Oman court jails businessman to 15 years over bribes

The trial is part of a crackdown by the government on corruption in the country

(Photo for illustrative purposes only)

(Photo for illustrative purposes only)

A court in Oman on Sunday sentenced a former executive of an engineering firm to a total of 15 years in jail for five counts of bribery in exchange for contracts from a state-owned oil company.

The trial, part of a crackdown by the government on corruption in the Western-allied country, was the second against former managing director of Galfar Engineering and Contracting, Mohammed Ali, who was sentenced to three years in jail in January over bribes made to Petroleum Development Oman(PDO).

Ali and two other men convicted earlier this year on bribery charges -- a former executive of Galfar and aFinance Ministry official who had served as head of the tenders committee at PDO -- have appealed against the January sentence.

In the latest case, the prosecutor accused Ali of giving bribes to PDO employees to facilitate the awarding of contracts to his firm.

The judge sentenced Ali to three years in jail for each of the five counts of bribery and ordered the sentences to run consecutively, for a total of 15 years.

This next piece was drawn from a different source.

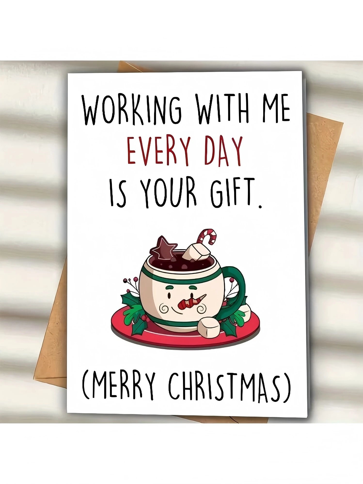 La carte idéale pour envoyer un message de Noël plein d’humour… surtout à vos collègues ! Avec son ton faussement modeste et son illustration adorable d’un chocolat chaud festif, cette carte est parfaite pour taquiner vos partenaires de bureau tout en restant dans l’esprit de Noël.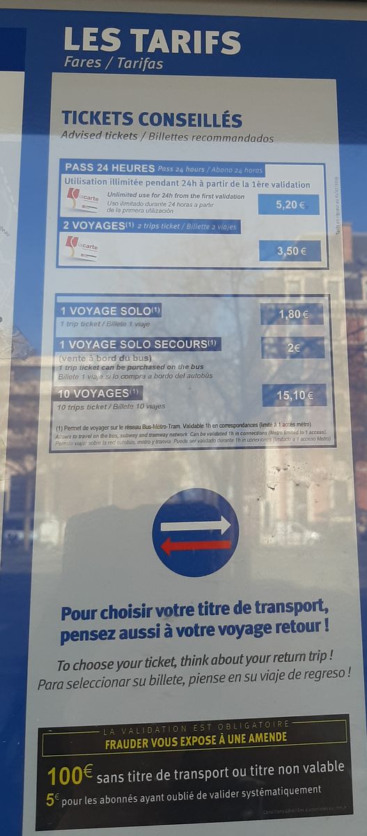 Wir sind dann noch ein kleines Stück weiter entlang der grünen Linie gegangen und kamen dann zur Haltestelle der Linie 35T. Dies ist eine Linie, die (ohne Zwischenhalte) zwischen Terminal Croisières und Juliette im 20-Minuten-Takt (mit kleiner Mittagspause / siehe Fahrplan) pendelt. Das Ticket (€ 2) konnte man in bar beim Fahrer (Kleingeld!) kaufen und im Bus entwerten. An der Haltestelle hing auch ein Plan, an welchen Tagen dieser Bus im März 2023 fährt. Wie es im restlichen Jahr aussieht, stand da leider nicht.

The court also ordered Ali to pay OR1.774 million ($4.61 million) in fines for the convictions.

Ali was not in court for the ruling, but his spokesperson said he planned to appeal against the verdict.

The businessman, an Indian national, resigned his post of managing director of Galfar Engineeringand Contracting after his January conviction and sentence. He was one of six people jailed and fined for bribery-related offences.

Oman's Sultan Qaboos has waged an anti-graft campaign to defuse mass protests in several Omani cities in 2011 that were mostly directed against corruption but also held to demand jobs, issues that fuelled uprisings around the Arab world that year.

Last month, the Court of First Instance in Muscat sentenced the CEO of state-owned Oman Oil Company to 23 years in jail for accepting bribes, abuse of office and money laundering, the most severe punishment meted out in a series of corruption trials that began last year.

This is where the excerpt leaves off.